# MATERIAL SUPPLIED
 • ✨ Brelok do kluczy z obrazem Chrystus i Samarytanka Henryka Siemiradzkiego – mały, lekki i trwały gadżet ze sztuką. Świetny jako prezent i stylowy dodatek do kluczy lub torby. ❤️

---

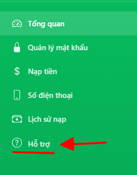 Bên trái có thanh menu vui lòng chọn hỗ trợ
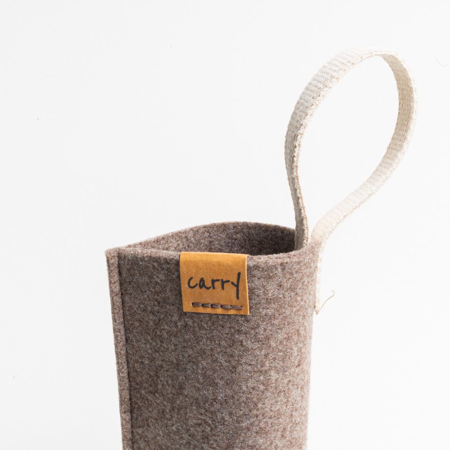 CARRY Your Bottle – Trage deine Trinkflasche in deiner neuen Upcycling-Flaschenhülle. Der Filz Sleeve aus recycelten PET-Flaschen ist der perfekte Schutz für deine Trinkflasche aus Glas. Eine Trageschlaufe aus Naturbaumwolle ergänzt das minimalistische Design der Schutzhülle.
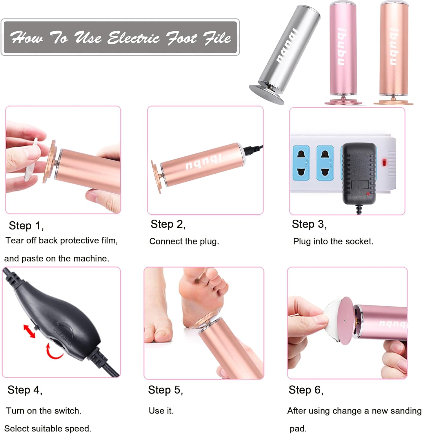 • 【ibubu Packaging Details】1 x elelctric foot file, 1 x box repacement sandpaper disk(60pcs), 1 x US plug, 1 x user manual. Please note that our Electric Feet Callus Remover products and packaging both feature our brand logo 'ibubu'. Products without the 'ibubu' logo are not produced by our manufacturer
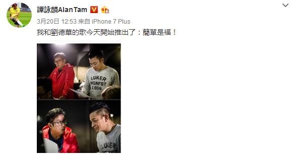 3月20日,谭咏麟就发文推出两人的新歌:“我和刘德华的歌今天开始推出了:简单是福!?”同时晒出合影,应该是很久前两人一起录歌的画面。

# EXERCISE AIM
Start at the line containing "Bên trái có thanh menu vui lòng chọn hỗ trợ" above and stop at the line containing "3月20日,谭咏麟就发文推出". Output those lines exactly, both included, but none of the pictures.

# THE COMPLETED TASK
 Bên trái có thanh menu vui lòng chọn hỗ trợ
 CARRY Your Bottle – Trage deine Trinkflasche in deiner neuen Upcycling-Flaschenhülle. Der Filz Sleeve aus recycelten PET-Flaschen ist der perfekte Schutz für deine Trinkflasche aus Glas. Eine Trageschlaufe aus Naturbaumwolle ergänzt das minimalistische Design der Schutzhülle.
 • 【ibubu Packaging Details】1 x elelctric foot file, 1 x box repacement sandpaper disk(60pcs), 1 x US plug, 1 x user manual. Please note that our Electric Feet Callus Remover products and packaging both feature our brand logo 'ibubu'. Products without the 'ibubu' logo are not produced by our manufacturer
 3月20日,谭咏麟就发文推出两人的新歌:“我和刘德华的歌今天开始推出了:简单是福!?”同时晒出合影,应该是很久前两人一起录歌的画面。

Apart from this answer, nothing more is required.